#### [Required work]
Please transcribe, word for word, only the lines from the one containing "1925 Tuchoměřice, sestava 2 pohlednic" through the last line of the records below, both included, and leave out every picture.

#### [Material for the task]
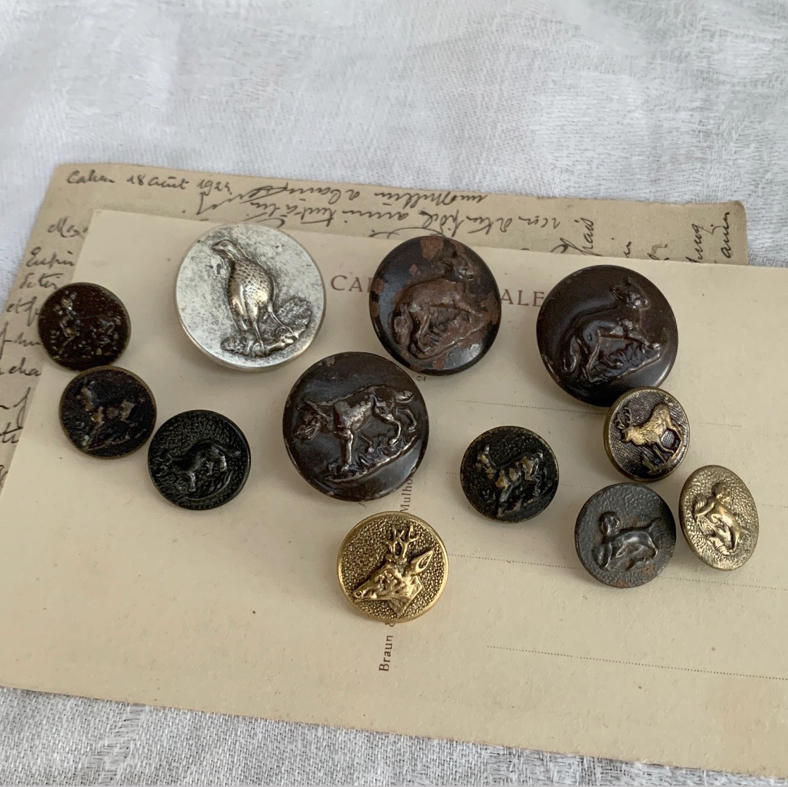 PayPayフリマからご覧のお客様 説明欄に追加画像を掲載している商品がございます PayPayフリマからではご覧いただけません の『商品詳細を見る』から追加画像をご確認ください 表示価格は、ボタン1個の価格です フランス パリ 19世紀後期 R.L. & Fre社 ハンティングジャケットのボタン 鹿がモチーフ 真鍮に茶のペイント 裏に若干錆が見られます サイズ:φ16mm 厚み5mm 他にも多数出品していますので是非ご覧ください ホームページもございますので、よろしければご覧ください -------------------------------------------------------------------------------------------------- ・古物と十分ご理解の上落札をお願いします ・撮影に使われているその他小物はお取引に含まれません ・新規の方は入札前に質問欄からお問い合わせ下さい ・落札後のキャンセル、返品(クレーム)はご遠慮ください ・割引販売、梱包方法の指定はご遠慮ください ・画面と実物の色味の違い、サイズの若干誤差などが生じる場合がございます ・状態を全て掲載、記載する事は難しく、気になる点は事前に必ずご質問下さい ※状態とは( 痕、傷、汚れ、シミ、ホツレ、錆、ひび割れ等) -------------------------------------------------------------------------------------------------- |
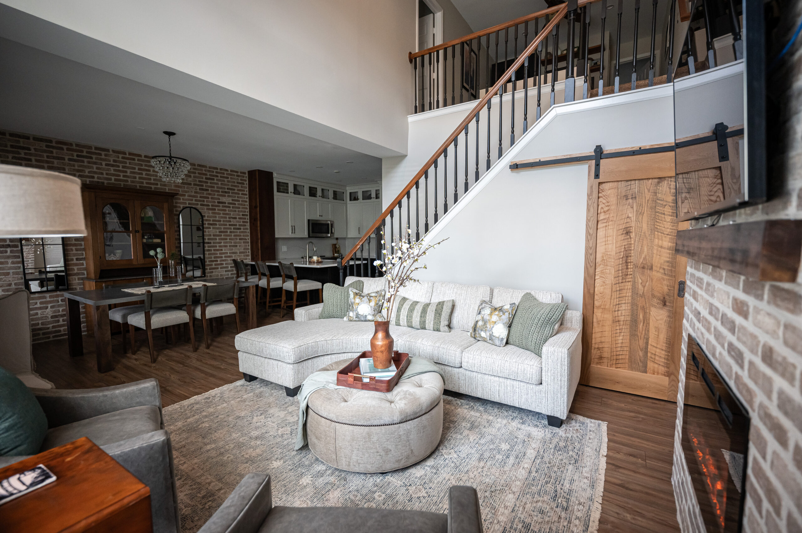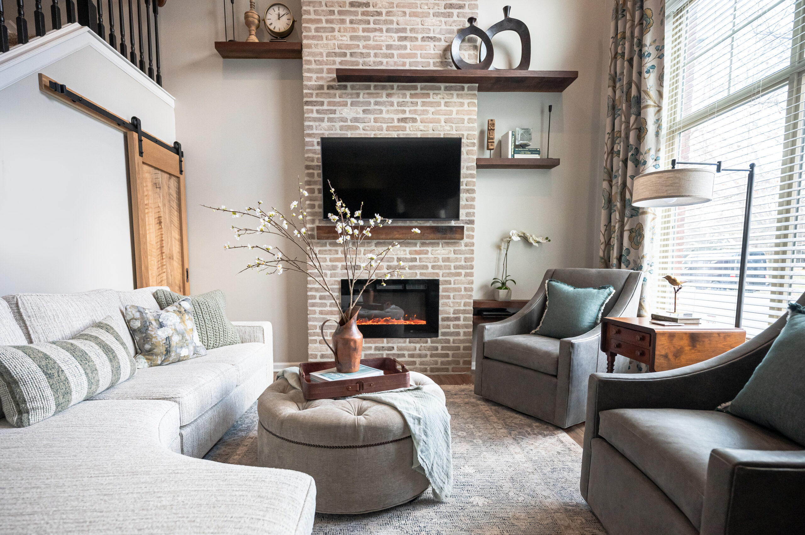 Our client wanted their family room to be a space where they could entertain more people comfortably. We redesigned the furniture floorplan and transformed the doorway to a barn door in order to accommodate as many seats as possible. We added the brick fireplace wall with a unique shelving design to create a special place for her client’s treasured pieces. To finish off the space, the spindles were painted on the staircase and stained the handrail to match the other organic elements of the room.
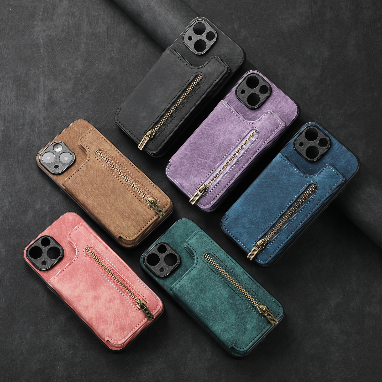 Zipper Cards Solt Wallet Leather Case For iPhone 15 Pro Max 14 Plus 13 12 11 XS XR Se 2022 Pocket Magnetic Double Buckle Cover
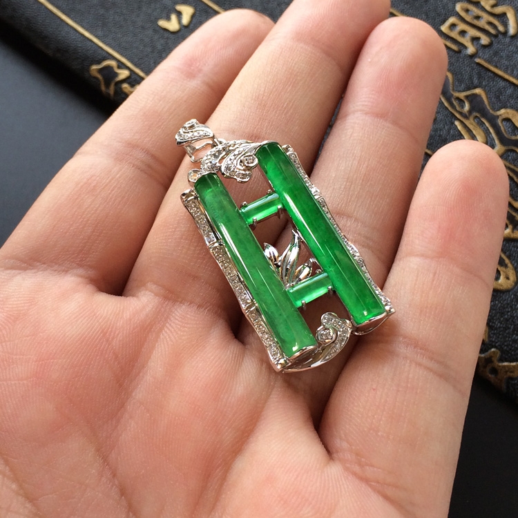 首页 >> (超值推荐)冰种翠色镶白金钻石节节高胸坠
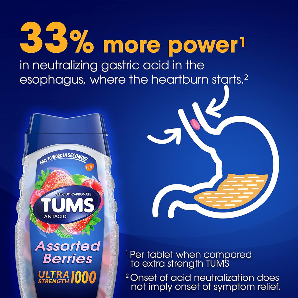 Contents: 1 bottle containing 72 TUMS Ultra Strength Chewable Antacid Tablets for Heartburn Relief and Acid Indigestion Relief in easy to take, delicious Assorted Berry flavors - Strawberry and Raspberry Multi-Symptom Relief: TUMS antacid tablets treat the four signs of heartburn: burning in the chest, acid indigestion, sour stomach and upset stomach associated with these symptoms Fast And Powerful Strength: Nothing works faster! This TUMS Assorted Berries 1000 mg antacid tablets go to work instantly by starting to neutralize acid on contact Gluten Free And Kosher: This heartburn medicine has the active ingredient 1000 mg calcium carbonate Number 1 Doctor Recommended: TUMS is the number 1 recommended adult antacid brand by doctors, pharmacists and OB-GYNs TUMS Ultra Strength Chewable Antacid Tablets go to work in seconds by starting to neutralize acid on contact to bring fast and powerful ultra strength, chewable heartburn relief. When symptoms occur, chew and swallow two to three ultra strength tablets, depending on the severity of your acid indigestion. Featuring the active ingredient calcium carbonate, these antacids provide heartburn, acid indigestion and sour stomach relief, as well as upset stomach relief associated with these symptoms. TUMS antacid tablets are the number 1 recommended adult antacid brand by doctors, pharmacists and OB-GYNs. As America's number 1 antacid and trusted as a heartburn medicine for 90 years, TUMS is fully supported with a satisfaction guarantee. These calcium carbonate tablets are gluten free and kosher. Packaged in a resealable bottle, this heartburn and acid indigestion relief medicine is convenient to keep in your car or office for whenever heartburn strikes. Choose TUMS Ultra Strength 1000 mg antacid tablets for fast acting heartburn relief, at home or on the go.
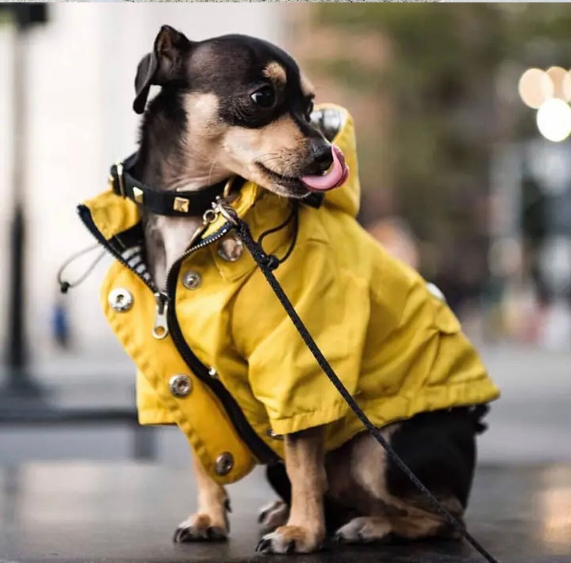 2週間程度お時間いただいています。 裏地がボーダーでかわいらしいです。 目立つ黄色もいいですよ! シュナウザー6kg Mサイズ着用
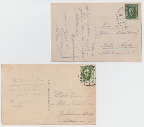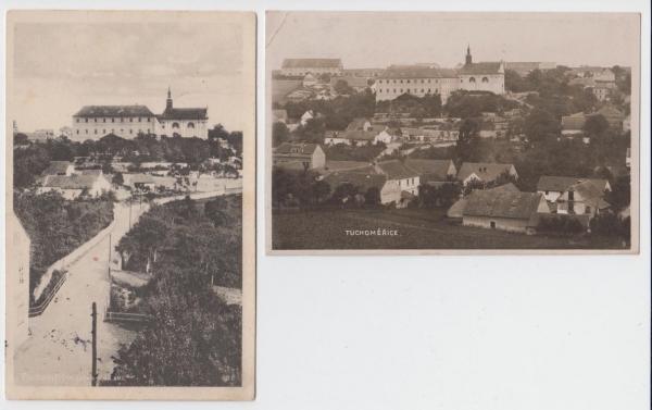 1925 Tuchoměřice, sestava 2 pohlednic
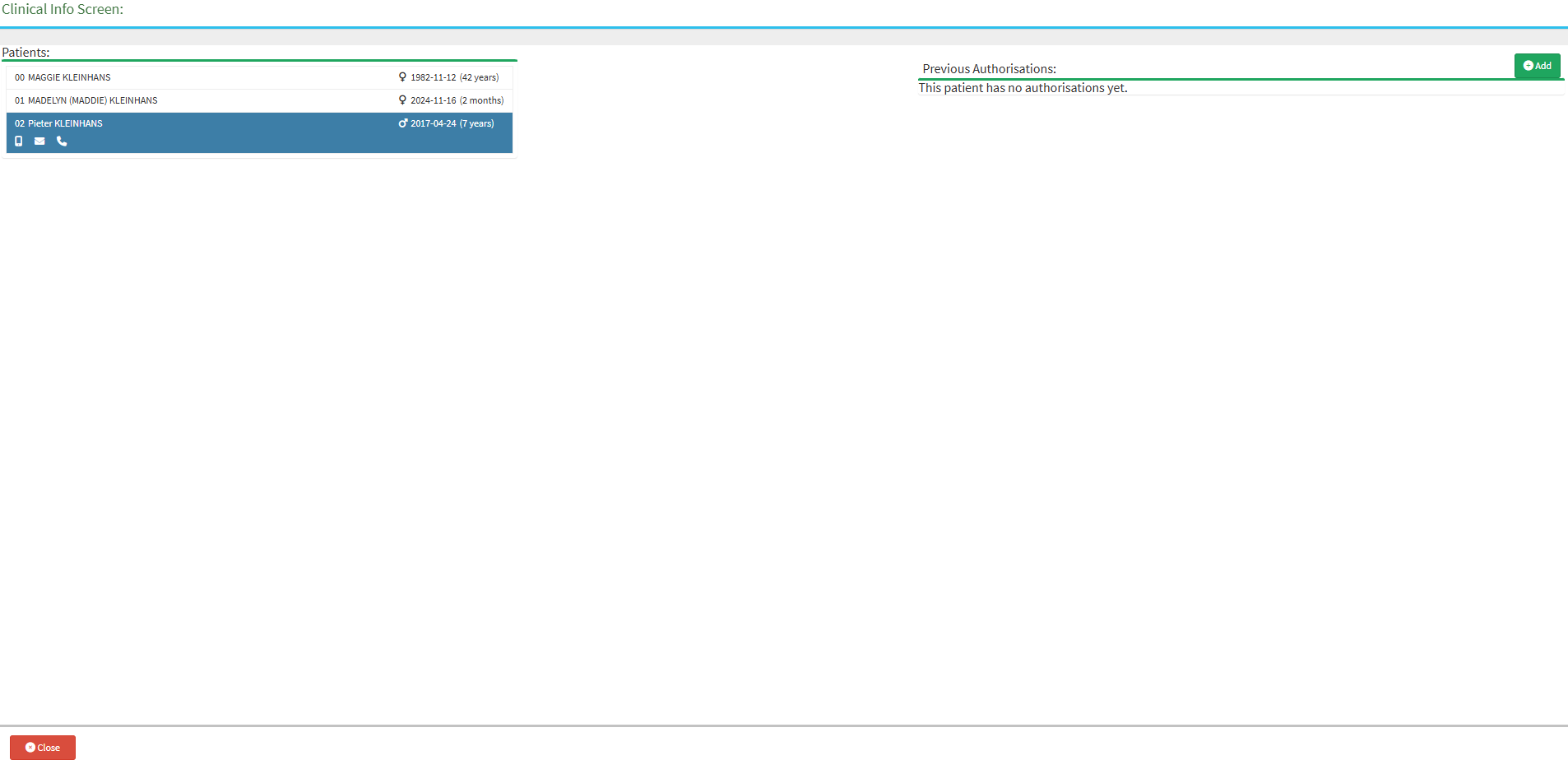 • For an extensive explanation of how to set up Authorisation for a Patient, please refer to the user manual: Authorisation Setup.
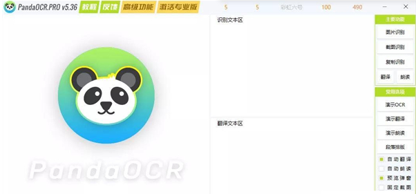 1、PandaOCR是網(wǎng)友miao_miao在GitHub上建立的一個(gè)項(xiàng)目。它主打OCR文字識(shí)別,并附帶有自動(dòng)翻譯、語(yǔ)音朗讀和彈窗提醒功能。PandaOCR最大的特點(diǎn),就是完全免費(fèi)無(wú)廣告,不會(huì)有任何功能限制。

#### [Your solution]
 1925 Tuchoměřice, sestava 2 pohlednic
 • For an extensive explanation of how to set up Authorisation for a Patient, please refer to the user manual: Authorisation Setup.
 1、PandaOCR是網(wǎng)友miao_miao在GitHub上建立的一個(gè)項(xiàng)目。它主打OCR文字識(shí)別,并附帶有自動(dòng)翻譯、語(yǔ)音朗讀和彈窗提醒功能。PandaOCR最大的特點(diǎn),就是完全免費(fèi)無(wú)廣告,不會(huì)有任何功能限制。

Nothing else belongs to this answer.